Neppl's statement reiterates the conservative line that government spending does not boost economic activity or lead to job growth. The recent history of Springs Fabrication, however, contradicts this assertion.

Springs Fabrication Has Hired Persons As A Result of Government Spending

Although Neppl portrays the stimulus as ineffective, the company he heads has benefited from federal spending. In his statement, Neppl himself acknowledges Spring Fabrication's participation in government projects "in the past."  One specific project began in December 2009 when Springs Fabrication entered into an $8.1 million contract to dispose of chemical weapons for the US Army at a location in Pueblo, Colorado. Springs Fabrication was a subcontractor for the $28.7 million government project. Due to the magnitude of this government-sponsored contract, Springs Fabrication was able to rehire 20 persons that it had previously fired due to lack of work.

Although Neppl portrays the stimulus as unsuccessful, he boasted about Springs Fabrication winning the contract. It was the largest contract Springs Fabrication had ever received, and it permitted the company to create jobs in the local community:
"This contract will absorb our existing staff, so we'll have to ramp up a bit," he said. "That's why it's good news - not just for us, but for Southern Colorado. These big contracts don't always keep the money in the area, but this time it will stay here."
Furthermore, Springs Fabrication won the contract at a time when it was experiencing a downturn in sales (well, there was a recession). Nonetheless, Neppl has given his voice to the bogus assertion that government spending and job creation are unrelated.

Neppl's position seems politically motivated. It contradicts the company's own history of job creation with government funds. Also, it is probably not a coincidence that John McCain held a campaign rally at the company in 2008.

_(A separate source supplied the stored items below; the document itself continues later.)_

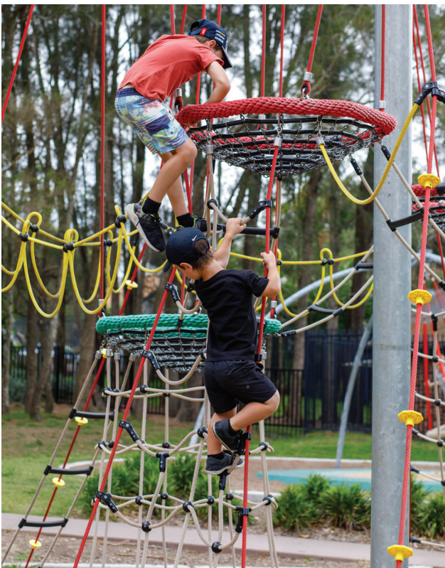
Image: Two boys climbing the ropes of suspended play equipment at Sun Valley Play Space.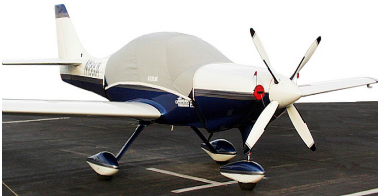
Lancair ES Canopy Cover

This cover type is made from Silver Acrylic Sunbrella canvas and is 100% lined with a soft and smooth microfiber. Bruce's Custom Covers developed this material combination especially for aircraft protection. The outer material is medium weight and treated for water resistance, UV resistance and anti-static buildup. The inner lining is a very soft and smooth microfiber to prevent scratching. The material is very reflective, and tests show that the cabin interior temperature can be reduced to near-ambient temperature on the hottest of days. It is water, ice and snow repellent, yet breathable to allow moisture to escape from between the cover and the aircraft surface.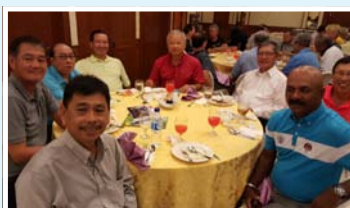
Members enjoying dinner after the medal at JCC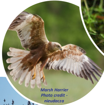
Marsh Harrier

Romney's Use of Springs Fabrication to Bash Stimulus Is Misleading As Well

Romney has promoted Springs Fabrication's experience in order to portray the stimulus as a waste of money. During his campaign rally at the company, Romney blasted the stimulus:
“That stimulus [Neppl] had, it did not do the job. I mean, I understand Tom said he was working on a project that got some stimulus money. . . .”
“I asked well were you able to hire more people because of that, he said no. Didn’t add any more people, just more money into the system, but no more people hired,” said Romney. “That stimulus did not create private sector jobs like it should have, like it could have, it instead protected government jobs.”
Romney's statement is intentionally misleading. The Colorado Springs Gazette interviewed Neppl. During the interview, Neppl said that the stimulus funding he received did not allow him to hire new people or make a profit. Neppl, however, explained that this was not due to an inherent defect in the stimulus. Instead, the company's costs were larger than expected; so it failed to make a profit (which probably explains why it could not hire additional workers). Cost overruns frequently occur on major manufacturing and construction projects. The stimulus did not cause this.

Moreover, although Neppl did not make a profit on the project, he says it could still benefit the company. He believes that it could lead to future contracts for the company.

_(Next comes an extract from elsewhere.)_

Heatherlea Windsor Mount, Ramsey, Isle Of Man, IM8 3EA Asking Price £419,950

Romney opposes the stimulus, but he needs to state legitimate reasons for doing so, rather than misrepresenting the experience of Springs Fabrication. The company failed to profit from the stimulus money it received because it underestimated the cost of the project. Furthermore, the company has profited previously from government spending and has used this money to hire workers.

In addition, economists argue that the stimulus created or saved jobs and contributed to GDP. Other than challenging this data, it is difficult to imagine a sound argument against the stimulus. Certainly, Romney has not offered one.